[Start of section]

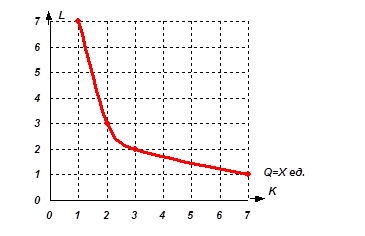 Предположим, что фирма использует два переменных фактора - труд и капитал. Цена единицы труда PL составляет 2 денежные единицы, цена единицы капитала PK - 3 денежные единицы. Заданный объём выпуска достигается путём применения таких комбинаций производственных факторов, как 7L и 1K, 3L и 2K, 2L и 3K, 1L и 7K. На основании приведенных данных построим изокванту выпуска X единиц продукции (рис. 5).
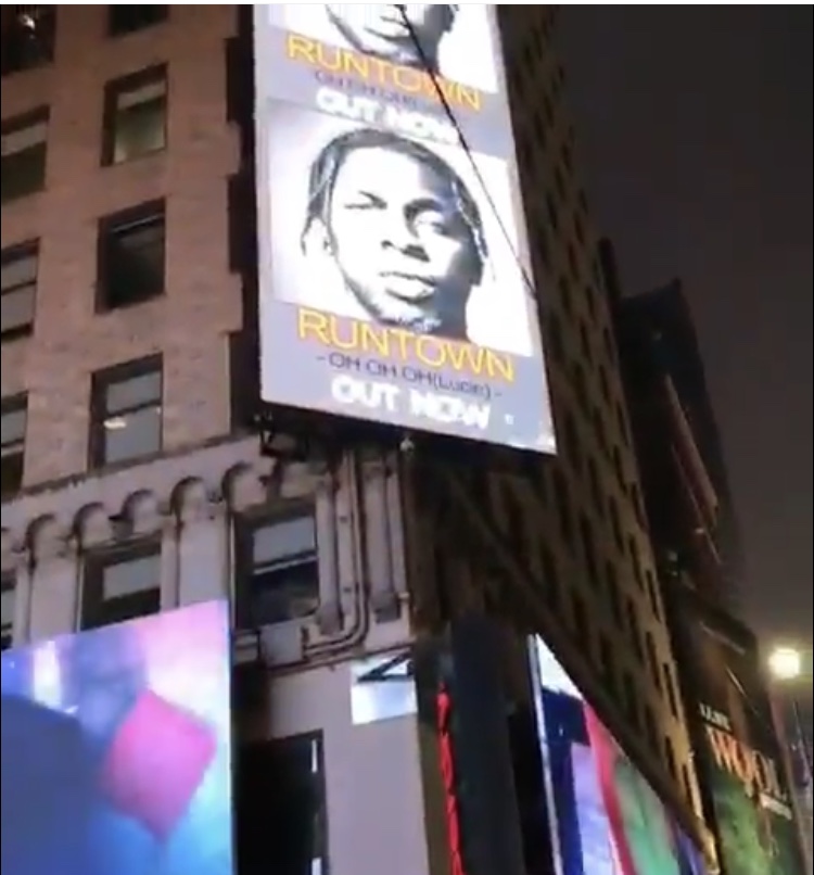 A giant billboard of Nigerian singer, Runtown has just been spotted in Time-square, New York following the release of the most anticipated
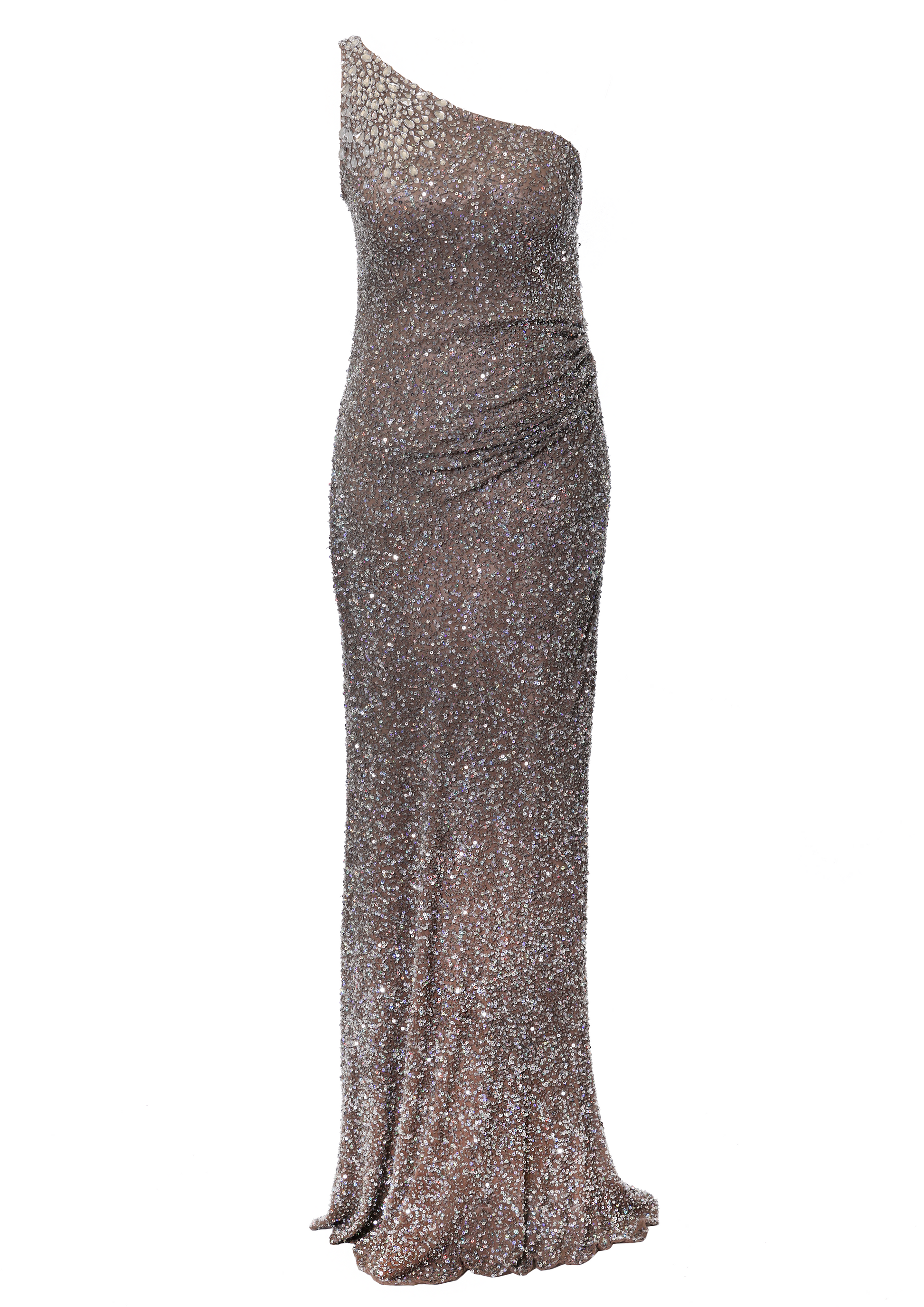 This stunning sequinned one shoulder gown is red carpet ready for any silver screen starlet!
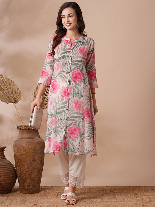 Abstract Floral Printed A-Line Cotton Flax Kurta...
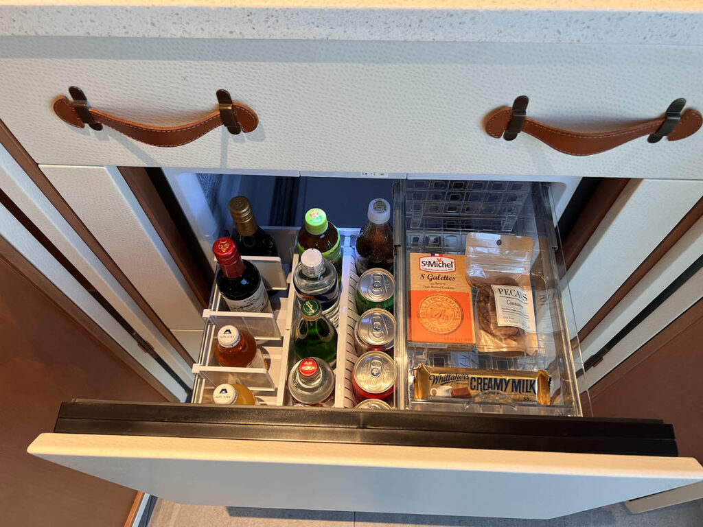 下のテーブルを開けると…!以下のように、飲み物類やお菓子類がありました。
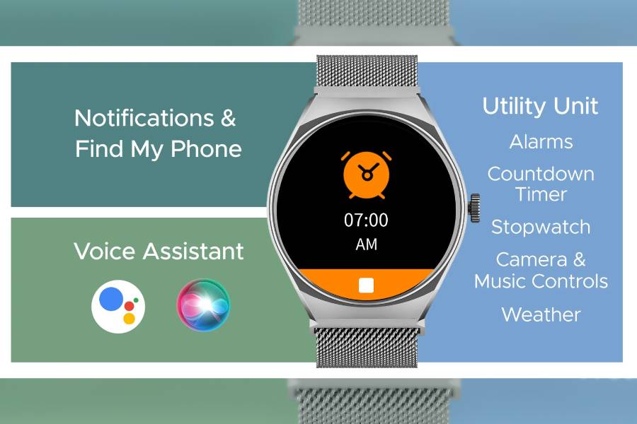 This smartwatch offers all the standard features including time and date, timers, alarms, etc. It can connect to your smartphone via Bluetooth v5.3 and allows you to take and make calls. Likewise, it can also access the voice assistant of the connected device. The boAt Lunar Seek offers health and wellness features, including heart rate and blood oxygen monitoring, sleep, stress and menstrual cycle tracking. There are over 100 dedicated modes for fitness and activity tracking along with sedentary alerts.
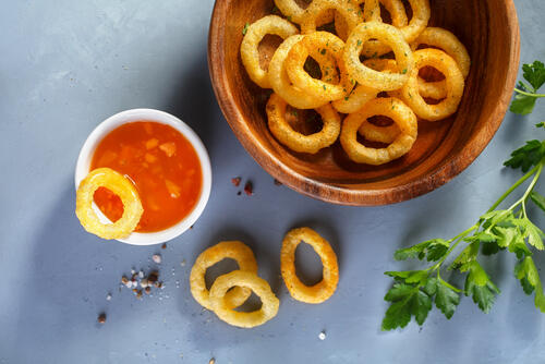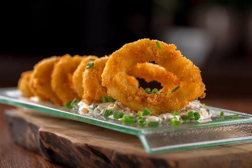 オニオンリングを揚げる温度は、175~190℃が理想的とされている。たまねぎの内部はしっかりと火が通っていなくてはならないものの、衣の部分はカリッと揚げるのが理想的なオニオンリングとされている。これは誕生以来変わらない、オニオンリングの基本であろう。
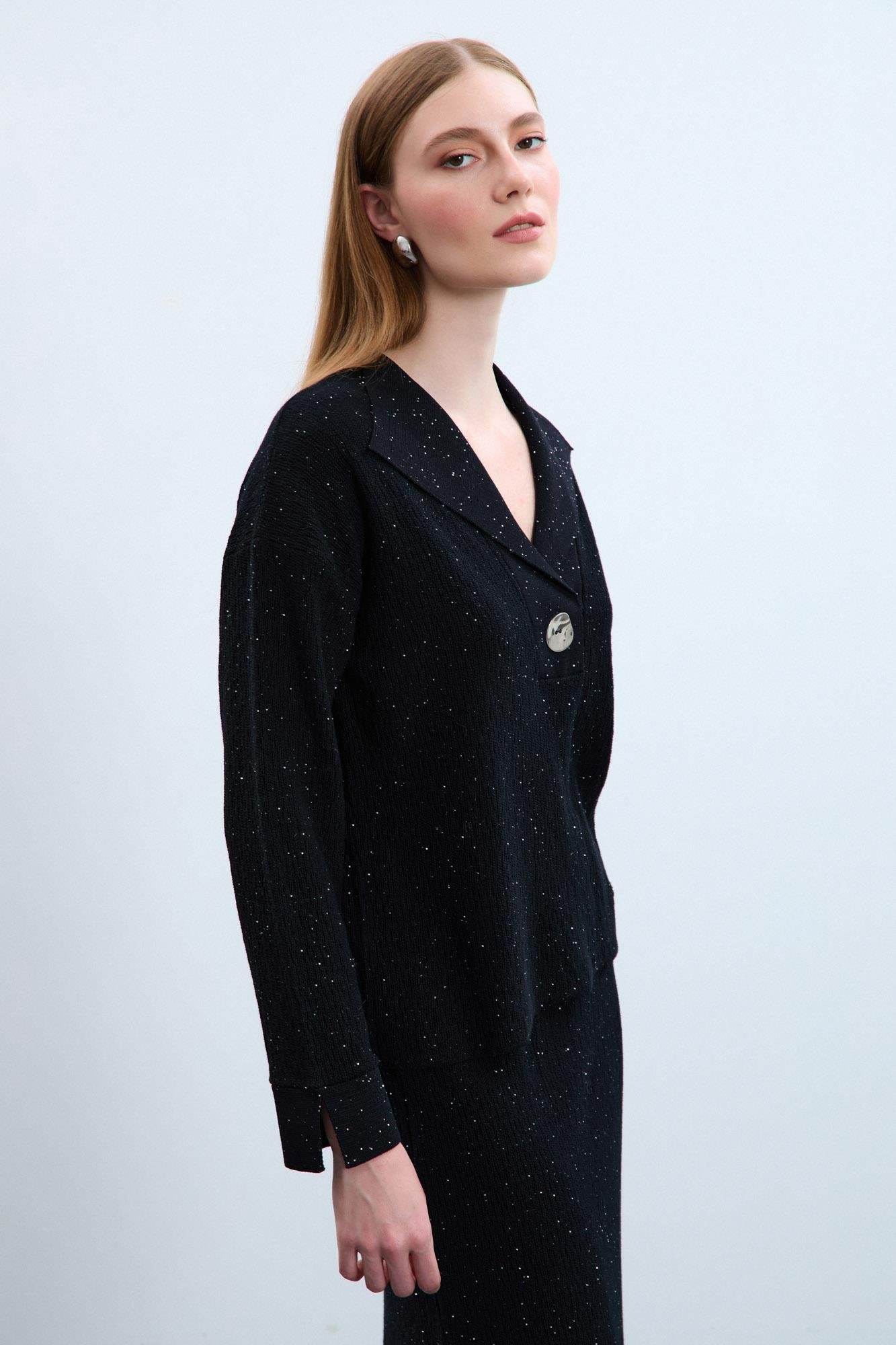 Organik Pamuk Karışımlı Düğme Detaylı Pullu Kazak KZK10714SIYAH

[End of section]

Retype the records above line for line and exactly, omitting their pictures.

**ANSWER TO THE PROBLEM**
 Предположим, что фирма использует два переменных фактора - труд и капитал. Цена единицы труда PL составляет 2 денежные единицы, цена единицы капитала PK - 3 денежные единицы. Заданный объём выпуска достигается путём применения таких комбинаций производственных факторов, как 7L и 1K, 3L и 2K, 2L и 3K, 1L и 7K. На основании приведенных данных построим изокванту выпуска X единиц продукции (рис. 5).
 A giant billboard of Nigerian singer, Runtown has just been spotted in Time-square, New York following the release of the most anticipated
 This stunning sequinned one shoulder gown is red carpet ready for any silver screen starlet!
 Abstract Floral Printed A-Line Cotton Flax Kurta...
 下のテーブルを開けると…!以下のように、飲み物類やお菓子類がありました。
 This smartwatch offers all the standard features including time and date, timers, alarms, etc. It can connect to your smartphone via Bluetooth v5.3 and allows you to take and make calls. Likewise, it can also access the voice assistant of the connected device. The boAt Lunar Seek offers health and wellness features, including heart rate and blood oxygen monitoring, sleep, stress and menstrual cycle tracking. There are over 100 dedicated modes for fitness and activity tracking along with sedentary alerts.
 オニオンリングを揚げる温度は、175~190℃が理想的とされている。たまねぎの内部はしっかりと火が通っていなくてはならないものの、衣の部分はカリッと揚げるのが理想的なオニオンリングとされている。これは誕生以来変わらない、オニオンリングの基本であろう。
 Organik Pamuk Karışımlı Düğme Detaylı Pullu Kazak KZK10714SIYAH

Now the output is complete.